If you’ve ever been to a grocery store, chances are you’ve seen one of these things.
Let me tell you a little something about these bastards that I’ve been suspicious of for years: They’re stealing from the American public. I don’t trust these fuckers as far as I can throw em, which realistically wouldn’t be too far because I haven’t been to a gym since it was a class in high school. I’ve been a full-blown, tin foil hat conspiracy theorist about this for a while, but the final straw with these coin-counting tricksters happened tonight. Like most Saturday nights I was craving some booze, but a glance at my checking account delivered a swift kick to the dick as I realized I only had about 7 bucks in there and my next check doesn’t cash until Monday. Embarrassing, trust me I’m aware, but that’s beside the point. I hit the drawing board to figure out how I was gonna raise enough money to get wasted tonight, and after ruling out selling a kidney and breakdancing outside of Park Street, I remembered the jar of change in my bedroom. I always keep my spare change because as you’ve probably figured out from the preceding sentences , I’m broke as fuck. Plus, I love when I finally cash in my spare change because it feels like I’m getting free money. Anyway, I grabbed my jar and headed to my local Stop and Shop to acquire my booze money and get this show on the road.
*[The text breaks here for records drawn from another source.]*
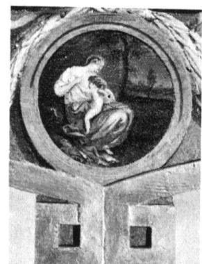
4 Zug, Haus Fischmarkt 11. Dritter Stock, Nordzimmer. Mittelpartie der Alkovenfront mit «Venus stillt Amor» im Rundmedaillon.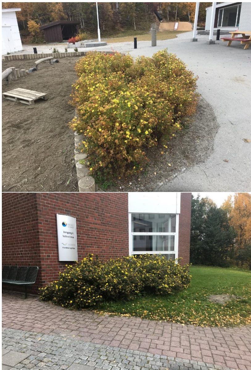
Figur 7: Fremmedarten buskmure (PH) plantet i bed.

Buskmure er vurdert til å ha potensielt høy risiko siden den har stort invasjonspotensiale, men ingen kjent økologisk effekt (Fremmedartslista 2018). Denne fremmedarten har ikke blitt risikovurdert med tanke på massehåndtering (Miljødirektoratet 2018). Buskmuren på denne eiendommen er plantet i bed (Figur 7). Buskmure har en beskjeden spredning av frø, men de har potensiale for å spres med dyr (Fremmedartslista 2018). Det er ikke ulovlig å ha fremmede arter på tomta, men man har et ansvar for å unngå spredning av fremmede arter. Annet tiltak en vanlig klipping er ikke nødvendig, men om det likevel ønskes å fjerne fremmedarten kan dette gjøres ved kutting og eventuelt sprøyting.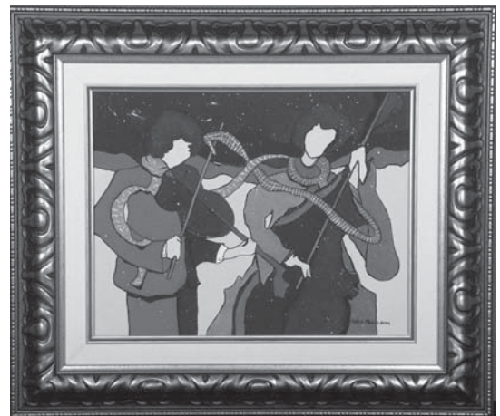
Huile sur toile, 14" x 11" Hélène Morin, agente administrative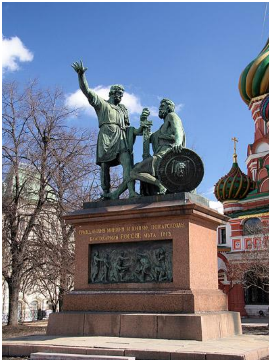
Памятник Минину и Пожарскому —Скульптор И. Мартос, 1812—1818 гг. расположена перед Собором Василия Блаженного на Красной площади в Москве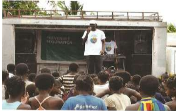
Figura 4.11: Road Show de sensibilização sobre segurança no trânsito nas comunidades em Nampula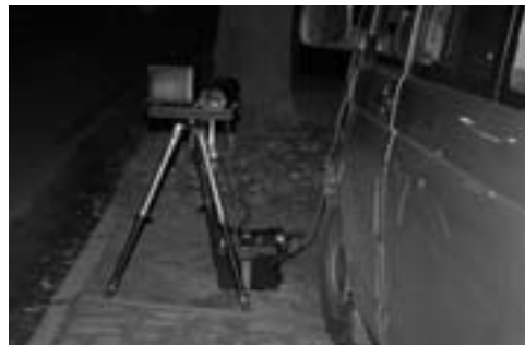
Zwei Kennzeichen-Scanner im Testeinsatz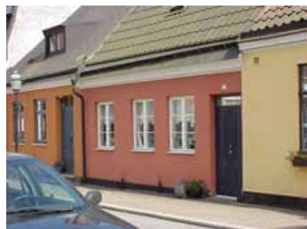
BRIGITTA 7 från NV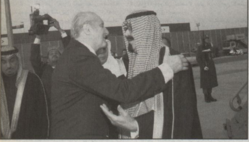
وصول سمو ولي العهد النمسا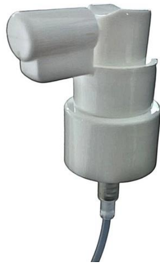
24/410 Nasal 22mm Branca Lisa

Now keep in mind this jar is not small. It’s actually on old coffee can filled about 3/4 of the way with coins. There were enough coins in there that if a homeless guy saw it, he would’ve came in his pants from how much spare change I was holding. I made my way over to the Coinstar machine, and began dumping my change into it like a broke guy throwing coins at a strip club. When all was said and done, the slip came out and informed me that the entire can was worth $27.73. TWENTY SEVEN DOLLARS AND SEVENTY THREE CENTS for a fucking giant can of coins. I couldn’t believe it. I don’t know if it was the surprisingly low amount or my alcohol withdrawal symptoms kicking in, but I almost fainted. Enough is enough. I’m tired of being bullied by these things and I hope I’m not the only one. Now I know what you’re thinking: “There were probably a lot of pennies” or some bullshit like that. No, shut your fucking mouth. I took a good look into that can and there was plenty of coin diversity going on. The real explanation is simple: Coinstar is blatantly taking a bigger cut than they claim they are because they’re greedy assholes. They claim to take 9 cents for every dollar, which is already steep, but here’s my issue with that. Who’s there to stop them from taking 10 cents for every dollar? 11? 12? My wallet? Where does it end? I honestly don’t know how some of you sleep at night knowing this type of coin extortion is going on in your own backyard. They don’t have to prove anything either, which is troubling to me. We all just dump a shitload of coins into the machine, a slip pops out that says, “All of those coins were this much”, and we accept the results like a bunch of chumps.
So you’re probably wondering what my little conspiracy theory entails, but I already touched on it a bit in the last paragraph. You know in Office Space (criminally underrated movie) when they come up with the scheme to steal a tiny, unnoticeable amount a bunch of times to make a shitload of money? That’s exactly what I think, better yet know, Coinstar is doing. They know they have the monopoly when it comes to getting cash for coins, and since they have us by the balls, they twist so slightly that you barely even notice you’re getting ripped off. Well I guess you could go to the bank instead, but that involves counting the coins yourself and lets get real, I’d rather blow my brains out. That’s actually the sole reason people go to Coinstar in the first place: Because counting a ton of coins is tedious work that fucking sucks. And the worst part is that if they ever get caught, they can just call it a “technical error” or some bullshit and get off scott free. They seemingly covered all their tracks, but they’re no match for an alcoholic with too much time on his hands like me.
So there you have it: Coinstar is nothing more than a bunch of robotic conmen that prey on degenerates like me who desperately dump massive amounts of spare change into their machines in the search of cash. I’m glad I could red pill all of you to Coinstar’s little scheme, which I must admit was well-thought out and executed, but the jig is up. Coinstar, I think its about time you either come clean, or change your name to Constar so people know what they’re getting themselves into. You might be able to fool everybody else, but you’ll never be able to fool Drunk White Kid.